Idem pour la présidence de la République. M. Moncef Marzouki  n’a rien fait d’autre que de fulminer contre les « 60 ans de ruines » ou, après chaque attaque terroriste, de se mettre en colère et de jurer ses grands dieux que « les terroristes ne passeront pas ».

Son successeur, M. Béji Caid Essebsi, a vite fait d’oublier toutes ses promesses électorales, de pactiser avec ses pires ennemis et de prendre partie pour les intérêts de sa famille.

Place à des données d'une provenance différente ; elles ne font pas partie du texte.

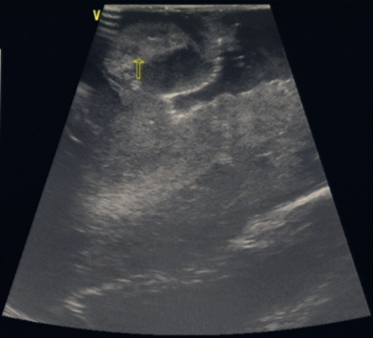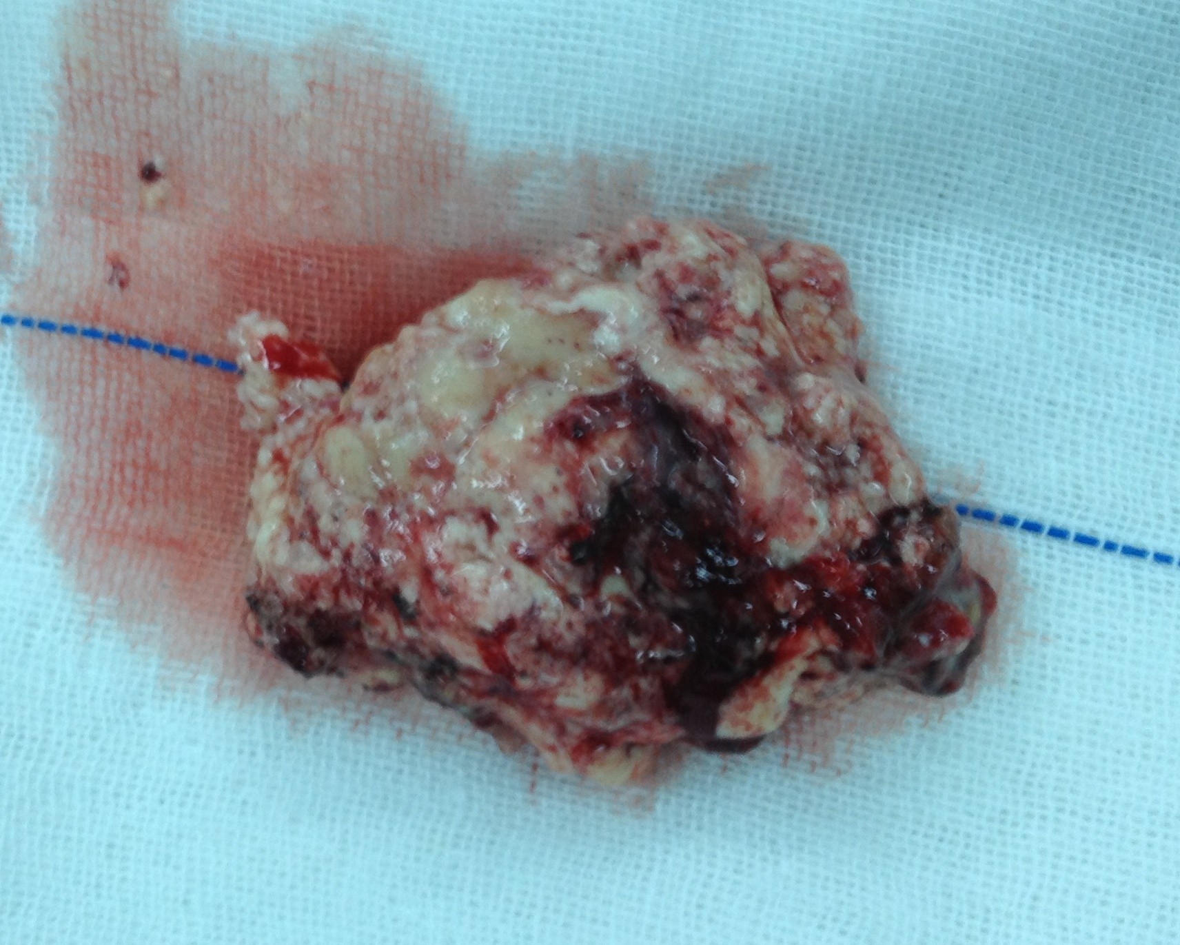 當(dāng)天,在B超室的大力支持和配合下,手術(shù)順利地進(jìn)行。術(shù)中應(yīng)用我院平常的床邊B超機(jī),選擇一個(gè)與術(shù)區(qū)相當(dāng)?shù)?span>B超探頭,裹上無(wú)菌膜即可使用。在切除腫瘤過程中,用B超探頭貼近術(shù)區(qū)探測(cè)腫瘤的范圍及位置,在B超引導(dǎo)下一步步切除腫瘤。當(dāng)手術(shù)行將結(jié)束時(shí),再次應(yīng)用B超探測(cè),清楚地發(fā)現(xiàn)腫瘤殘留,并進(jìn)一步切除干凈。結(jié)果,本例手術(shù)切除了95%以上的腫瘤組織,取得了圓滿的成功。

Et ce, au détriment de ceux de la nation. L’une et l’autre ont perdu. L’une et l’autre sont en train de payer les frais du choix désastreux du fondateur de Nida Tounes.

Neuf ans déjà et le cauchemar se poursuit.

L’actuel président, M. Kais Saied, a soulevé d’énormes espoirs, notamment parmi les jeunes qui l’ont élu avec un enthousiasme débordant. Jusqu’à présent, il n’a rien fait d’autre pour ces jeunes que de les serrer paternellement dans ses bras et de les embrasser avec effusion sur la tête.  Que pourra-t-il leur offrir à la fin de l’état de grâce qui ne saurait tarder ? Pas grand-chose quand on sait la petitesse de ses prérogatives constitutionnelles et l’immensité de la crise économique et sociale du pays.

Mais il ne faut pas perdre de vue le fait que la réponse à la crise en général et aux attentes des jeunes en particulier est du ressort de la Kasbah et non de Carthage. Or, la Kasbah attend le gouvernement issu des élections du 23 octobre. Et le chef désigné pour le former continue imperturbablement de siroter le thé avec la multitude de visiteurs qui défilent les uns après les autres. Quand est-ce qu’il formera ce gouvernement ? « Quand Dieu le veut ». Voilà où nous en sommes près d’une décennie après « la glorieuse révolution du 17 décembre-14 janvier ».

Albert Einstein a dit que le sommet de l’imbécillité est de s’entêter à faire toujours la même expérience et d’attendre à chaque fois un résultat différent. Ceci ne s’applique-t-il pas à nous ? Que faisons-nous depuis 2011 jusqu’à 2019 sinon élire les mêmes incompétents tout en attendant d’eux des résultats différents ? Neuf ans déjà et le cauchemar se poursuit.